*Your instructions:* From the data below, copy exactly the lines that lie between the one holding "苏洁一次性餐盒长方四格绿色餐" and the one holding "The Pearl Street", including both, and nothing more.

*Data supplied:*
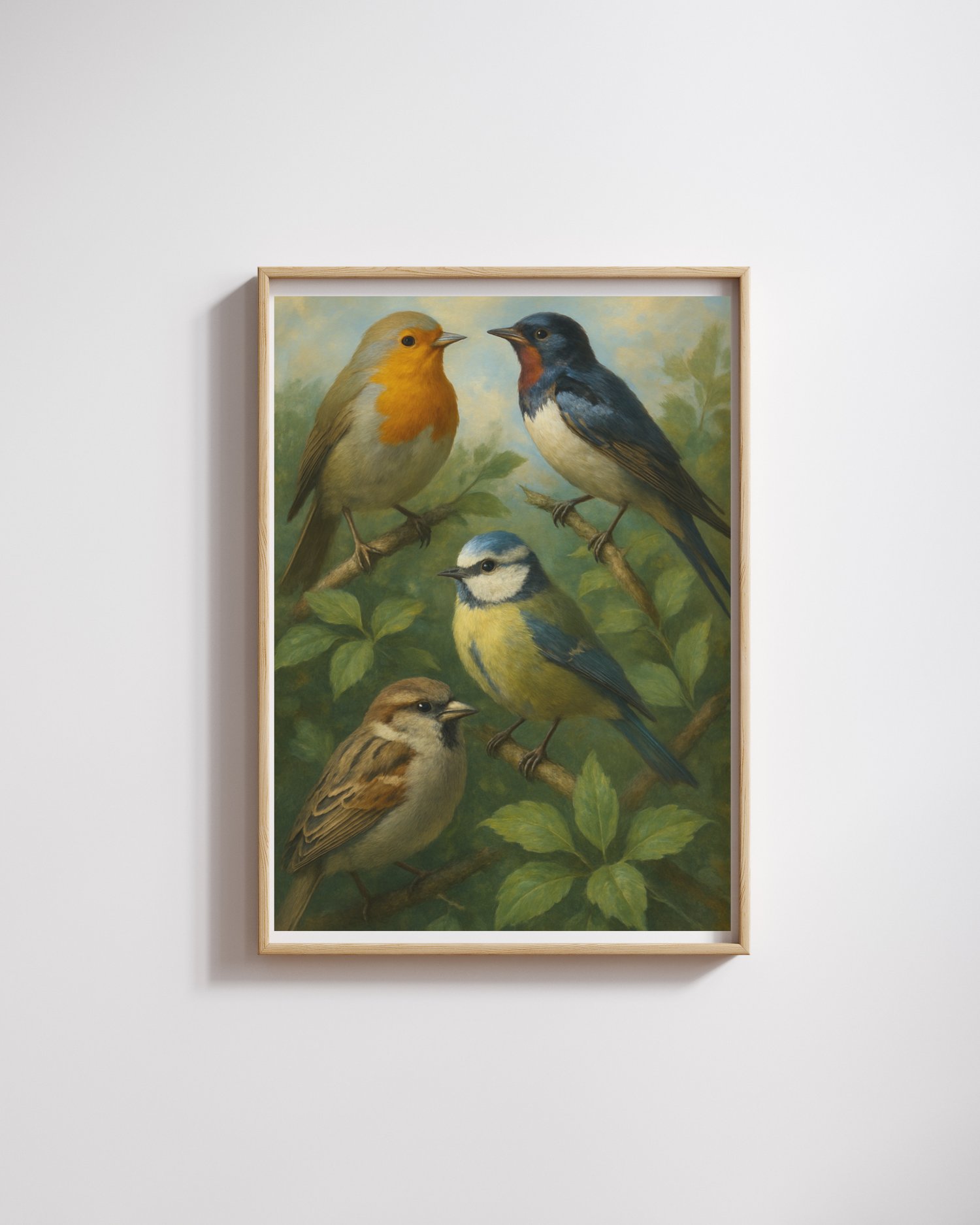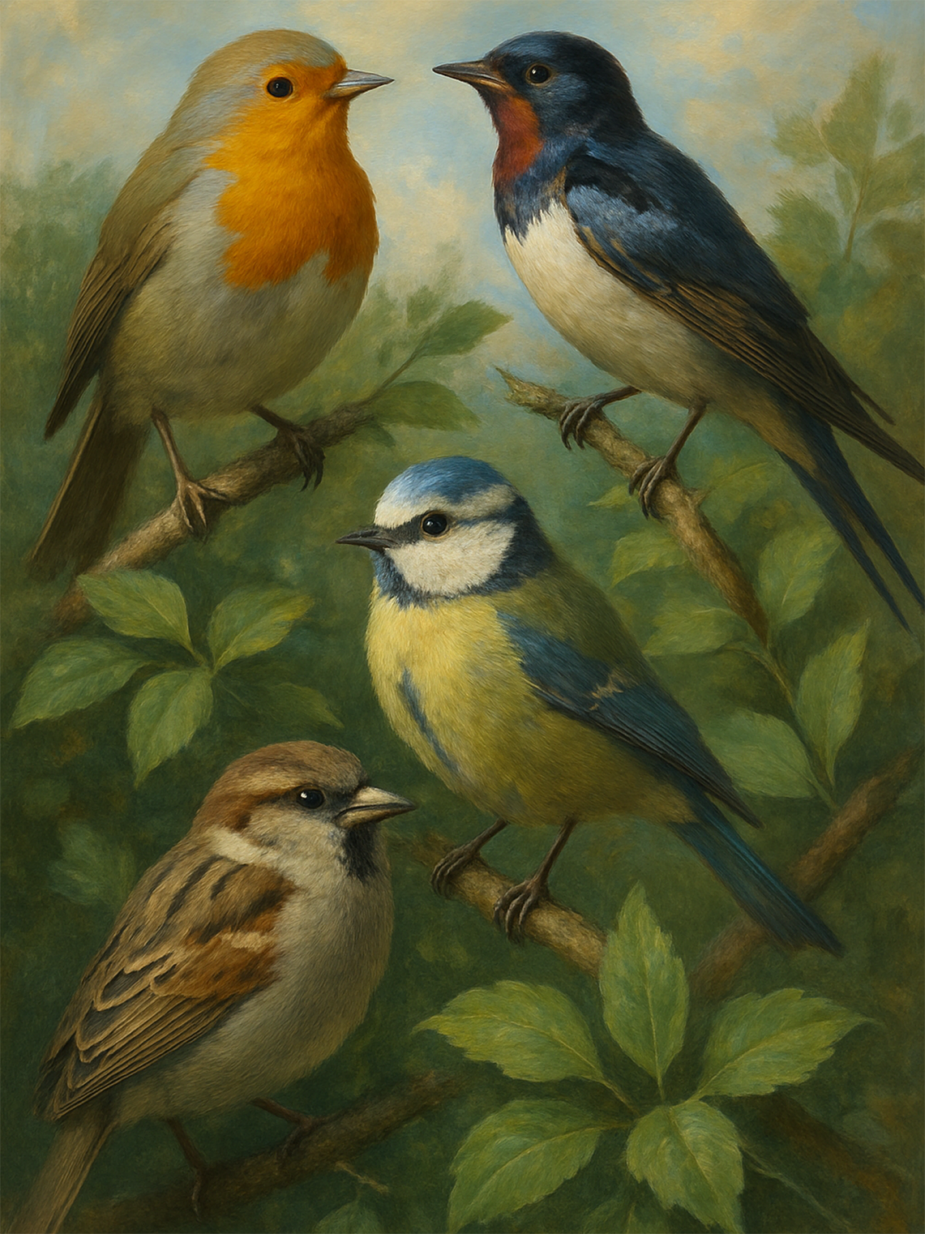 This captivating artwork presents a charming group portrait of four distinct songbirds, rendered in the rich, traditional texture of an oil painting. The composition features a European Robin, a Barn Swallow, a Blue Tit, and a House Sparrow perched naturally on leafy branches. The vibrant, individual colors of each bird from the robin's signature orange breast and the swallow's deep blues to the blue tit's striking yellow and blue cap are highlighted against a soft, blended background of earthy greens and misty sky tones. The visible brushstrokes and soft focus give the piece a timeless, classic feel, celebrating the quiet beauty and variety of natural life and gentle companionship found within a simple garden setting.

==

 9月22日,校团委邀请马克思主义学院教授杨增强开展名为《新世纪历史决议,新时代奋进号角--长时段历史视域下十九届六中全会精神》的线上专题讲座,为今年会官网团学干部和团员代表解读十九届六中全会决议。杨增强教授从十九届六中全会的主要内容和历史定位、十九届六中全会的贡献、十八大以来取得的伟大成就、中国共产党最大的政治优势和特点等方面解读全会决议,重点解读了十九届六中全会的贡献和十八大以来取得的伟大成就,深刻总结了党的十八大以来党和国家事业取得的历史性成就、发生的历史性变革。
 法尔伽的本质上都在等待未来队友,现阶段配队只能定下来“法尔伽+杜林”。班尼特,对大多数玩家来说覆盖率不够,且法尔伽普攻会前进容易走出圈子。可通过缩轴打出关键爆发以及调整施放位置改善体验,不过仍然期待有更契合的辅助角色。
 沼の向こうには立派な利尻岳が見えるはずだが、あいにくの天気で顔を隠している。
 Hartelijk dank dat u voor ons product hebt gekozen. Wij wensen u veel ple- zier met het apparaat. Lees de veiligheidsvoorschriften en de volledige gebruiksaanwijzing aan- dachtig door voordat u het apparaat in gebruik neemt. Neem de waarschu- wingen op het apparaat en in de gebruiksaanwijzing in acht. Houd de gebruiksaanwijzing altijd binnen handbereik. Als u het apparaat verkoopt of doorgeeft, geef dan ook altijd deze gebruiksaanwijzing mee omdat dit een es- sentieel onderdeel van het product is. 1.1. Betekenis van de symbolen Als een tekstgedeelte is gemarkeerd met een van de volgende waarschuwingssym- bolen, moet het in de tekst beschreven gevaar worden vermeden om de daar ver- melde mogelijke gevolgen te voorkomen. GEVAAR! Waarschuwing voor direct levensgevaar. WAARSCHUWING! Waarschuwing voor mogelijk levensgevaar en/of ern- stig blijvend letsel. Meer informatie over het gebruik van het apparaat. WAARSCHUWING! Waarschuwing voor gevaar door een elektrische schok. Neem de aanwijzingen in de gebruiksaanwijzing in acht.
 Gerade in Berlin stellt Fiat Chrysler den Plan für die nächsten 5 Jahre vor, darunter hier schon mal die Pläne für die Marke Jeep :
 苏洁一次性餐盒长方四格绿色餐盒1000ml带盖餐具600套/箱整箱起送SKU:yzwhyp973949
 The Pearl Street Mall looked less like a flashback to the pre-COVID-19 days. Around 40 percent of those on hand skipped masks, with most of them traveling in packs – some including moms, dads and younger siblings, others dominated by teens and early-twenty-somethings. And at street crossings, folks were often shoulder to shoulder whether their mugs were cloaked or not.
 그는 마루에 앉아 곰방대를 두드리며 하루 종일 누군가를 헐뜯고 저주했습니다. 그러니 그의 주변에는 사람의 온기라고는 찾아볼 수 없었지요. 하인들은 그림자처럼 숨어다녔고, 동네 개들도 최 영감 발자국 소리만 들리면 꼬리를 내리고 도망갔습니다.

*Task output:*
 苏洁一次性餐盒长方四格绿色餐盒1000ml带盖餐具600套/箱整箱起送SKU:yzwhyp973949
 The Pearl Street Mall looked less like a flashback to the pre-COVID-19 days. Around 40 percent of those on hand skipped masks, with most of them traveling in packs – some including moms, dads and younger siblings, others dominated by teens and early-twenty-somethings. And at street crossings, folks were often shoulder to shoulder whether their mugs were cloaked or not.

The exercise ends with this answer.